Seit seinem Eintritt in das Ausbildungsprogramm beim US-Broker Paine Webber im Jahr 1983 hat Naratil die Entwicklungen in der Finanzindustrie beobachtet. «Die Übernahme von Paine Webber durch die UBS war ein historischer Moment für unser Vermögensverwaltungsgeschäft», erklärt er. Man habe damals erkannt, dass sich die Welt verändern würde. Das sei der Beginn des Aufbaus eines globalen Vermögensverwaltungsangebots gewesen.

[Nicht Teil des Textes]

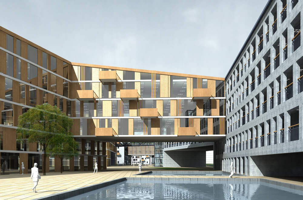林荫道上散落的阳光,走廊上的邂逅,宿舍前草坪上的朗读声…… 我们决心继承传统院校的亲人尺度及建筑关系,坚持校园规划以人为本的原则,创造多样性、趣味性的校园空间,追求空间的多层次性、连续性和人性化设计。这正是现代院校规划和设计的诉求,我们将把这一理念贯穿整个设计之中。
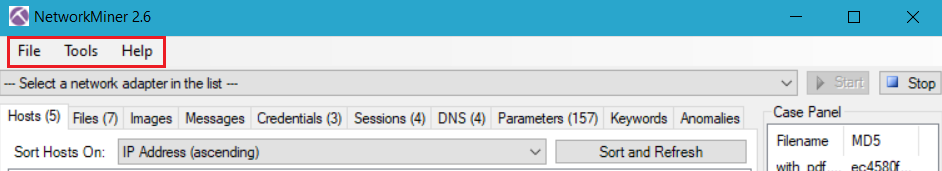 • About NetworkMiner kısmında ise araçla ilgili bilgi alınabilir.
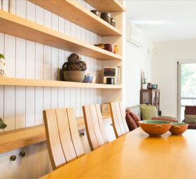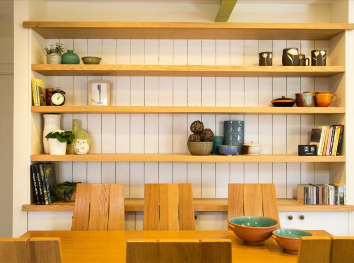 הגדלנו והרחבנו את הבית כדי שיהיה מקום לארח ולפינת האוכל כפי שביקשו ובכל זאת הצניעות ניכרת בפרופורציות החלוקה ובבחירת החומרים – בדיוק כמו בעלי הבית.
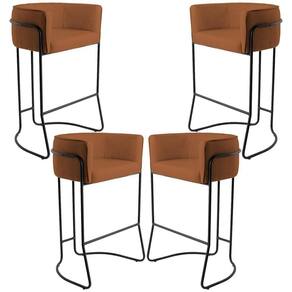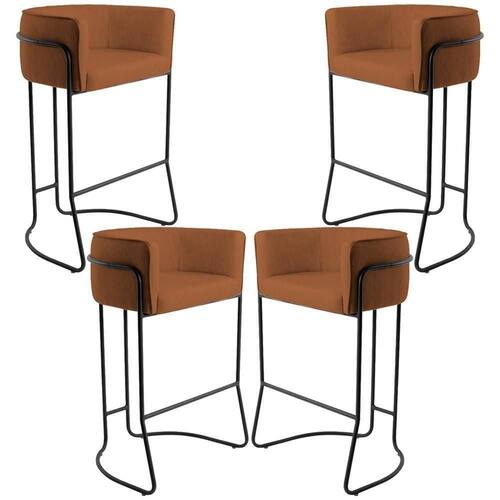 Kit 04 Banquetas Decorativas Fixa Base De Aço Preto Betina D02 Veludo Telha C-262 - Lyam Decor
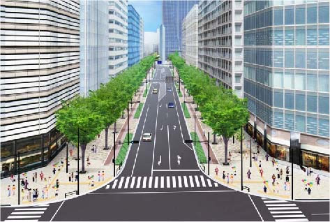 高層ビルの下に地下トンネル
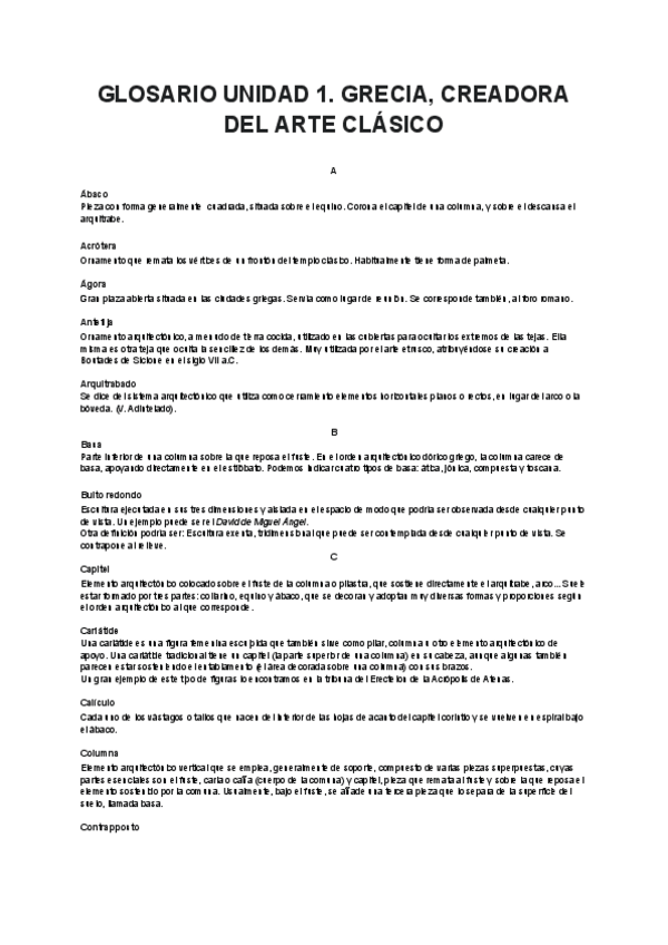 He publicado nuevos apuntes de 2º Historia del Arte: Glosarios

«Nachdem wir zur UBS gekommen waren, konzentrierte man sich mehr auf die globalen Möglichkeiten eines Powerhouse», kommentiert Naratil den Wandel der Schweizer Grossbank hin zur Vermögensverwaltung. «Es machte mehr Sinn, sich auf eine High-Net-Worth- und Ultra-High-Net-Worth-Kundenbasis zu konzentrieren». Diese Entwicklung habe sich nach 2009 beschleunigt, als Bob McCann, der ehemalige Präsident von UBS Wealth Management Americas, hinzukam. «Wir fokussieren uns darauf, weiter in den oberen Marktsegmenten Fuss zu fassen. Das entspricht dem Bereich, in dem wir die höchsten Wachstumsraten in den USA und weltweit sehen».

Fokus machte sich bezahlt

Die UBS sei damals bewusst eine andere Strategie gefahren als einige ihrer Konkurrenten, die ihren Beraterkreis vergrösserten und versuchten, das gesamte Vermögensprofil sowohl für Klein- als auch für Grossanleger zu bedienen. «Anstatt in mehrere Kundensegmente zu investieren und Ausgaben zu tätigen, konzentrierten wir uns auf Berater, die sich um vermögende und sehr vermögende Kunden kümmern. Das hat uns von Verlusten in der Finanzkrise zu einem Gewinn von 2 Milliarden Dollar im letzten Jahr geführt».